The first product George Nelson ever designed, arguably the only product George Nelson ever designed, and the one that lead to his appointment at Herman Miller was the Storagewall. Essentially a hollow wall which could be used as storage, Nelson's logic was that the wall was there, it was hollow.... might as well use it. We were instantly reminded of Nelson's Storagewall when we saw Garten by Monja Hirscher. With its frame, water bowl and lighting Monja pitches it as a garden for the living room which you can hang on to your wall. We say, wrong. It is a garden for your living room which you can place inside your wall. And not just for your living room. Walls may not be as thick as they were in 1940s America, and certainly not contemporary internal, non-structural, walls, but where walls of a suitable depth are either in-situ or are planned a modular system based on Garten would allow for the creation of recesses which can be used for plants, and storage, but which are also part of the room architecture and lighting plan. Yes, that makes it sound more like an architectural feature than a product, but then so was Storagewall.
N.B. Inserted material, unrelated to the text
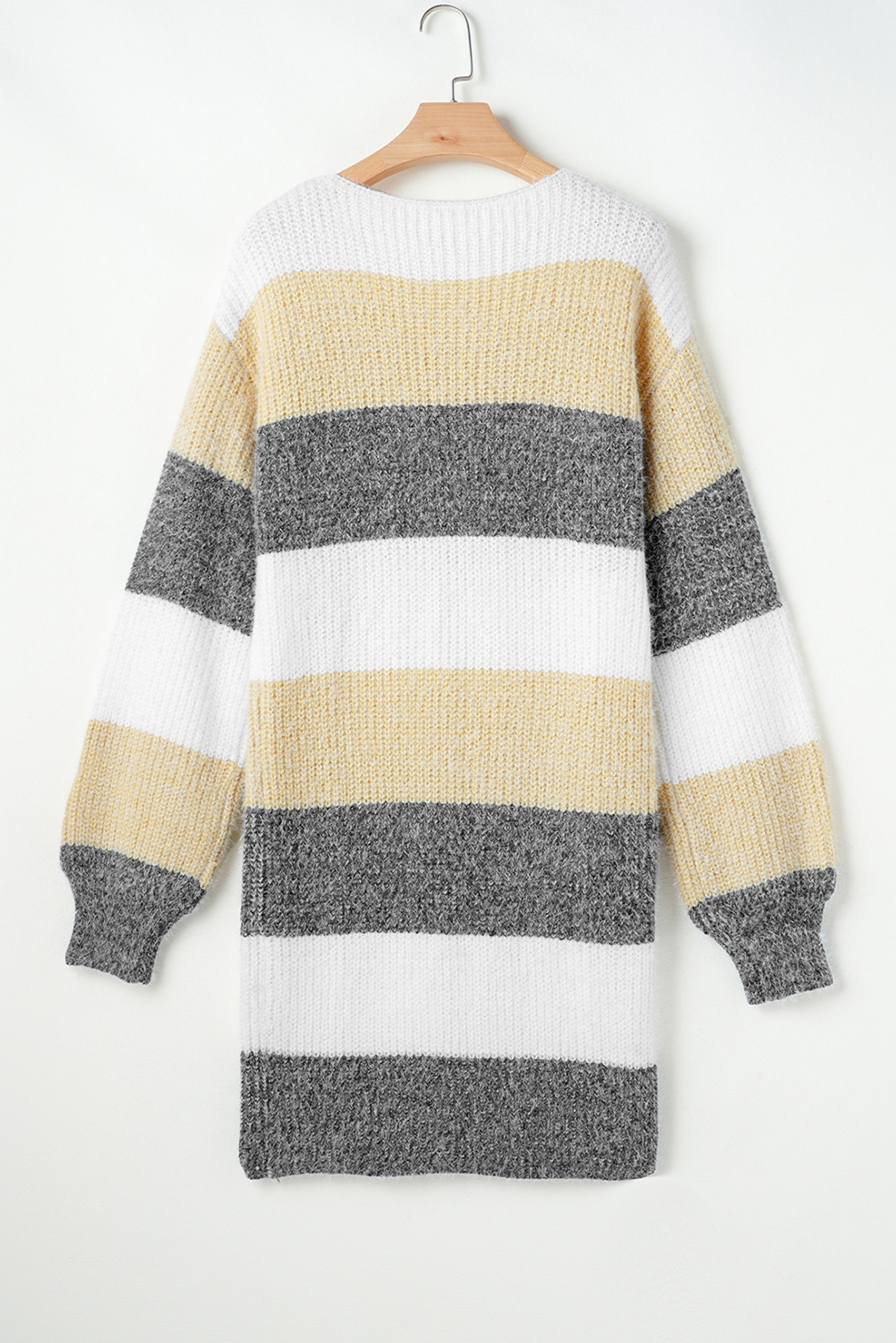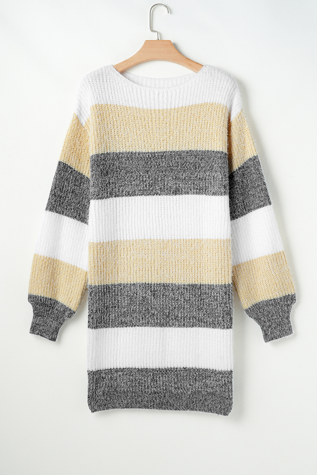 Meet Sofia Sleeve Drop Shoulder Sweater—effortless, flattering, and easy to style for everyday life. The knitted dress features a vibrant colorblock design that adds a pop of color and visual interest. It boasts graceful bubble sleeves that provide a dramatic, eye-catching element to the silhouette. The drop shoulder design is chic creating a laid-back style. This dress combines the comfort of a sweater with the elegance of a dress, a cozy and stylish choice. Ideal for various occasions from casual outings to dressed-up events, sweater dresses are versatile wardrobe additions. Material: 55%Acrylic+45%Polyamide.

Mixing wood shavings with a binding material and using that as the basis for making furniture isn't a new idea: however, in almost all other cases the designers use the various mixes to create, more or less, furniture of standard forms. Instead of saying "New Material. New Forms." Which is surely the correct and logical way to go. And is the way Jan Emde went. Not that we're saying we like what Jan created, because we don't particularly. For us the objects are a little to Antoni Gaudí, pushing hard at the unacceptable borders of Rudolf Steiner and generally invoke visions of naked 19th century reformists dancing their floral way towards Art Nouveau. But they are new forms. Are an attempt to use a new material to break down accepted standards and to explore new realms. Non-conventional materials and processes allow for non-conventional forms and thus new conventions in product and furniture design, a truth nicely embodied in Jan's project.